Right now, COVID is much less dangerous than it was, but it’s still affecting society in ways ranging from interrupting kids’ education to driving up the death toll, Carlton noted.
“In a typical year pre-COVID, influenza killed 12,000 to 52,000 people per year in the U.S. … so far in 2022, we’ve had about 187,000 COVID deaths in the U.S.,” said Carlton, who works in the Department of Environmental and Occupational Health at the Colorado School of Public Health.
For this school year, the state public health department signaled it will continue the more hands-off approach to COVID it began a year ago and has since loosened further.
In July 2021, Colorado removed mask requirements for schools and repealed the mandate for school protocols regarding outbreaks and other instances of COVID-19 cases.
That meant that schools no longer needed to adhere to the broad quarantine and isolation requirements in the state’s earlier public health orders. (The state still put forth non-essential guidance for schools.) And state and local public health officials still had “statutory authority to institute quarantine and isolation as needed to stop the spread of disease,” the state public health department said at the time.

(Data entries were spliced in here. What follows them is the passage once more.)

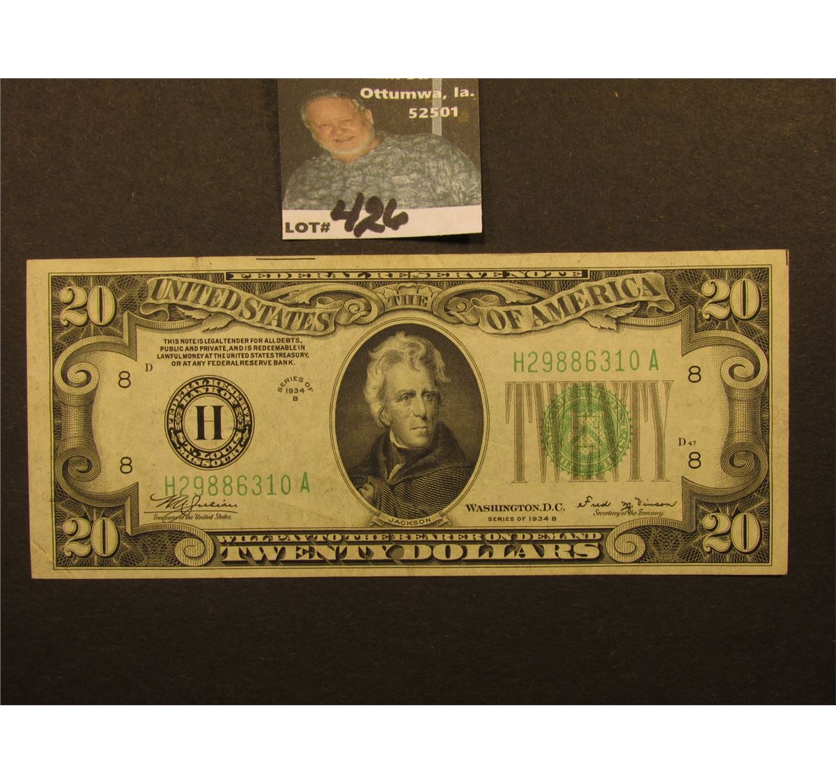 Series 1934 B $20 Federal Reserve Note, obverse Macro D47, reverse Macro 398, AU.
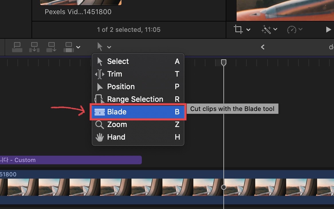 여기서 자르기 도구인 [Blade]를 선택합니다.
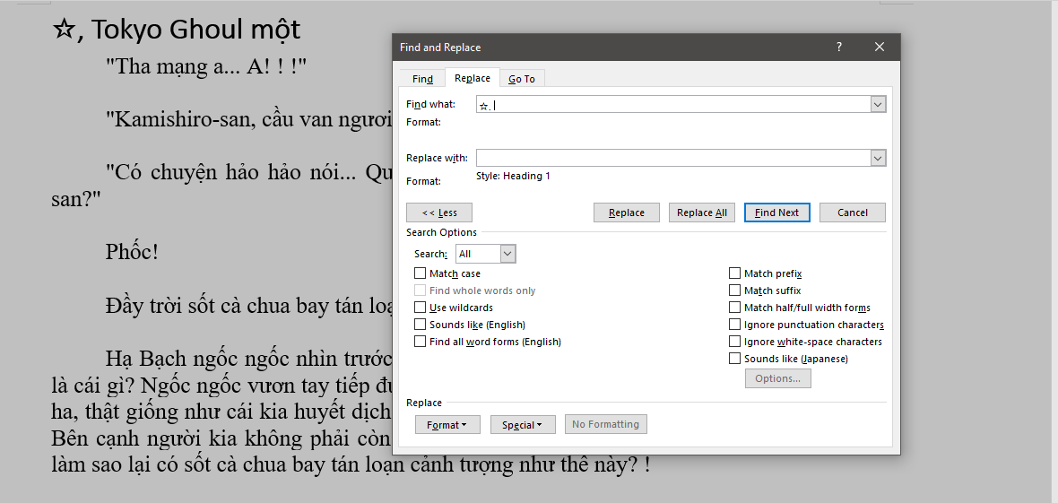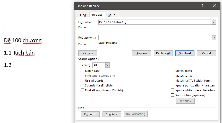 8 - Nếu mọi người chú ý trong search and replace mình viết Chương ^#^#:

In January, the state’s quarantine guidance updated to align with a change in CDC guidance, outlining that students and staff generally don’t need to quarantine if they were up to date on COVID vaccination. For those not up to date, the guidance shortened the recommended quarantine to five days, with five additional days of masking — down from the earlier suggestion of 10 days of quarantine.
As of August, quarantine in K-12 settings after “routine classroom exposures” is no longer recommended unless it’s part of a strategy put in place at the discretion of the school, district, or local public health agency when COVID cases are increasing, outbreaks are detected or community COVID levels are escalating, according to the state health department.
(Colorado’s August guidance echoes the state’s recommendations back in February, which suggested moving toward focusing less on quarantining of staff and students after exposures to COVID in school, according to a news release.)
“The last few updates to school guidance sought to reduce the burden of quarantine on school-agers and to prioritize in-person learning as tools to prevent severe disease became widely available in Colorado and is aligned with CDC’s recent guidance,” said a statement from the Colorado State Joint Information Center, which takes questions for the health department.
School districts and local public health agencies can make their own decisions as to whether to impose outbreak, quarantine or mask requirements that go beyond what the state mandates.
But in an era where broad mask mandates for the general public are a thing of the past in Colorado — state health officials say they are not aware of any mask mandates implemented at the municipal or county level — local health and school officials are unlikely to take restrictive measures.
Asked whether Tri-County Health Department — the agency that oversees public health for Adams and Arapahoe counties and provides some services in Douglas County — has any school COVID protocols above the state’s protocols, Douglas, said: “We don’t at this point.”
If new variants or bigger outbreaks arise, Tri-County Health could become more active in fighting COVID, Douglas said. But if that happens, the agency would likely take an “educational” stance, he added.
It’s “very unlikely to be anything like mask mandates,” Douglas said.